◆ **Task prompt**
The answer is the full listing restated exactly, without any pictures.

◆ **Data**
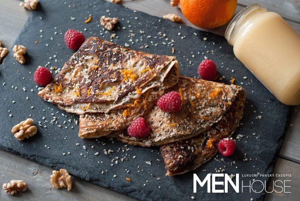 Postup: Do misky dejte mouku, vejce, máslo, med, sůl a ingredience smíchejte v husté těsto. Následně rozřeďte mlékem na lité těsto. Tím zajistíte, že těsto nebude mít hrudky. Na rozpálenou pánvičku dejte máslo, vhoďte hrst chia semínek a zalijte těstem. Opečte palačinku z obou stran do zlatova. Následně palačinku potřete medem, jogurtem, dejte na ni maliny a posypte mletými či drcenými ořechy. Palačinky servírujte přeložené a doplněné o pomerančovou kůru nebo zmrzlinu.
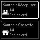 Sélectionnez une alimentation papier (réceptacle arrière / cassette) dans laquelle le papier est chargé.
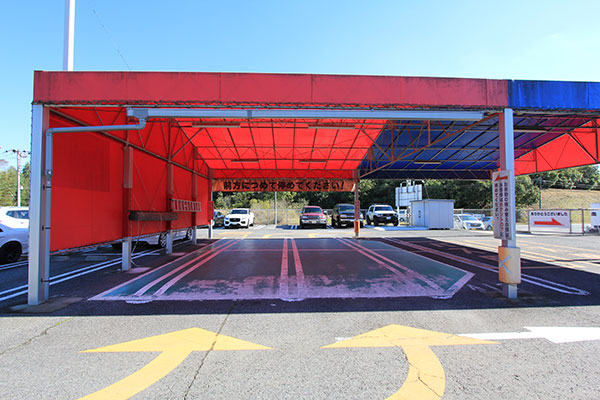 お帰りの際に雨天の場合は、赤テントの下でお荷物をお客様のお車に積み替えます。積み替え後は、速やかに発進していただけるようお願いいたします。
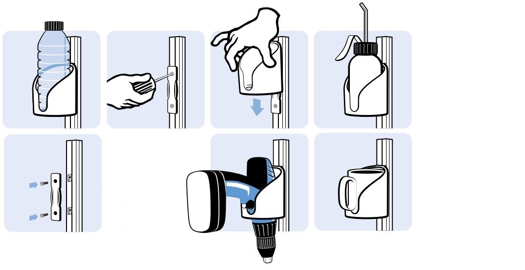 Bekerhouder geschikt om te gebruiken i.c.m. met het aluminium profielsysteem.
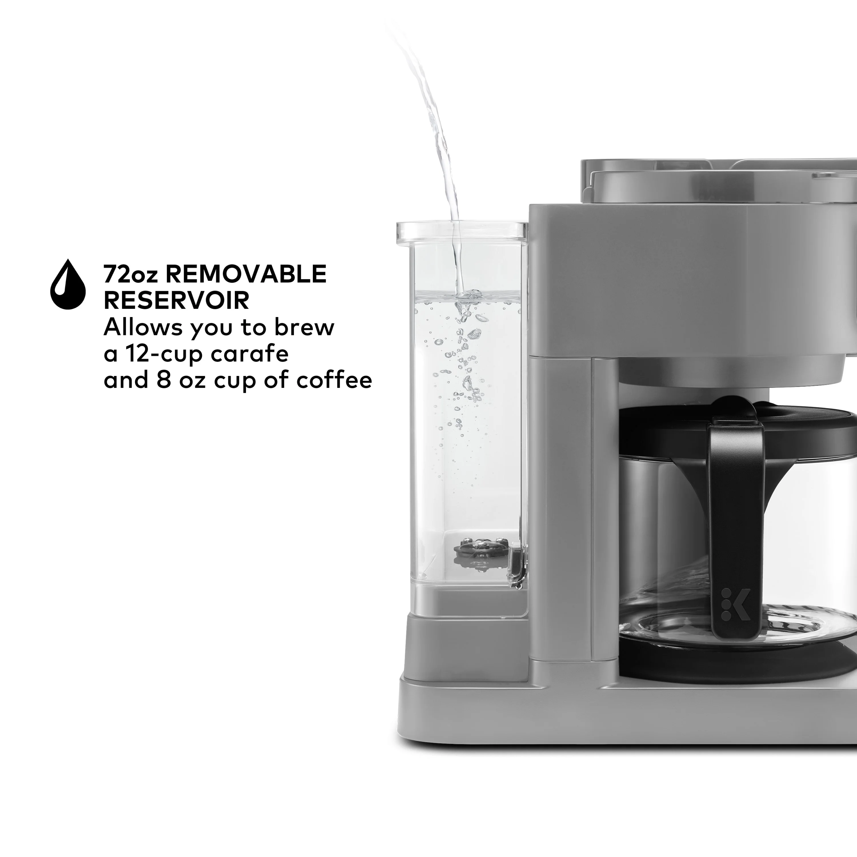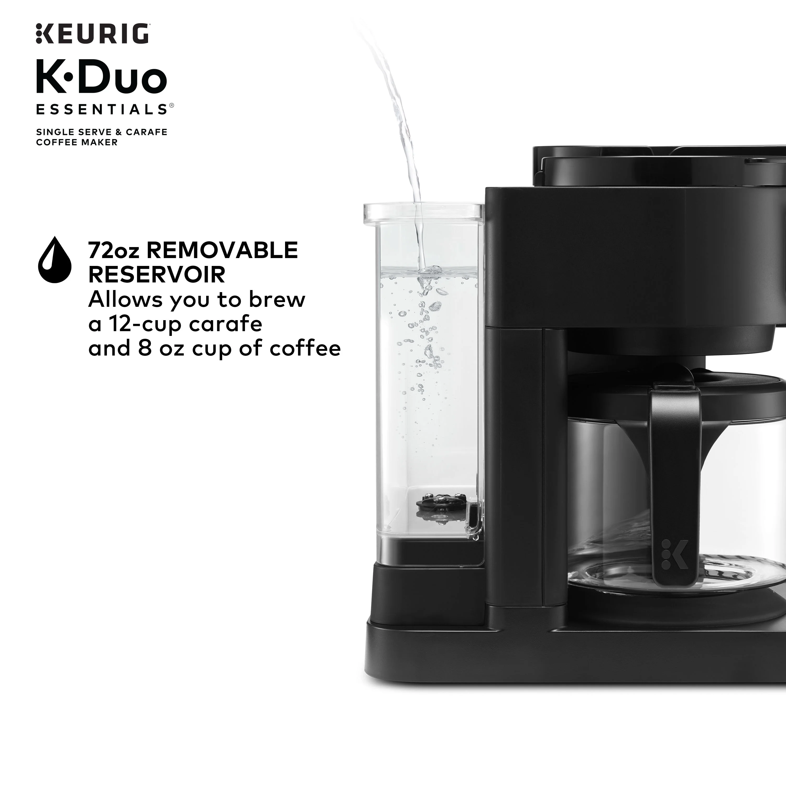 - ONE 72 OZ RESERVOIR: The extra-large 72 oz removable reservoir is shared by both sides for fast, convenient brewing with fewer refills.

◆ **Output of the exercise**
 Postup: Do misky dejte mouku, vejce, máslo, med, sůl a ingredience smíchejte v husté těsto. Následně rozřeďte mlékem na lité těsto. Tím zajistíte, že těsto nebude mít hrudky. Na rozpálenou pánvičku dejte máslo, vhoďte hrst chia semínek a zalijte těstem. Opečte palačinku z obou stran do zlatova. Následně palačinku potřete medem, jogurtem, dejte na ni maliny a posypte mletými či drcenými ořechy. Palačinky servírujte přeložené a doplněné o pomerančovou kůru nebo zmrzlinu.
 Sélectionnez une alimentation papier (réceptacle arrière / cassette) dans laquelle le papier est chargé.
 お帰りの際に雨天の場合は、赤テントの下でお荷物をお客様のお車に積み替えます。積み替え後は、速やかに発進していただけるようお願いいたします。
 Bekerhouder geschikt om te gebruiken i.c.m. met het aluminium profielsysteem.
 - ONE 72 OZ RESERVOIR: The extra-large 72 oz removable reservoir is shared by both sides for fast, convenient brewing with fewer refills.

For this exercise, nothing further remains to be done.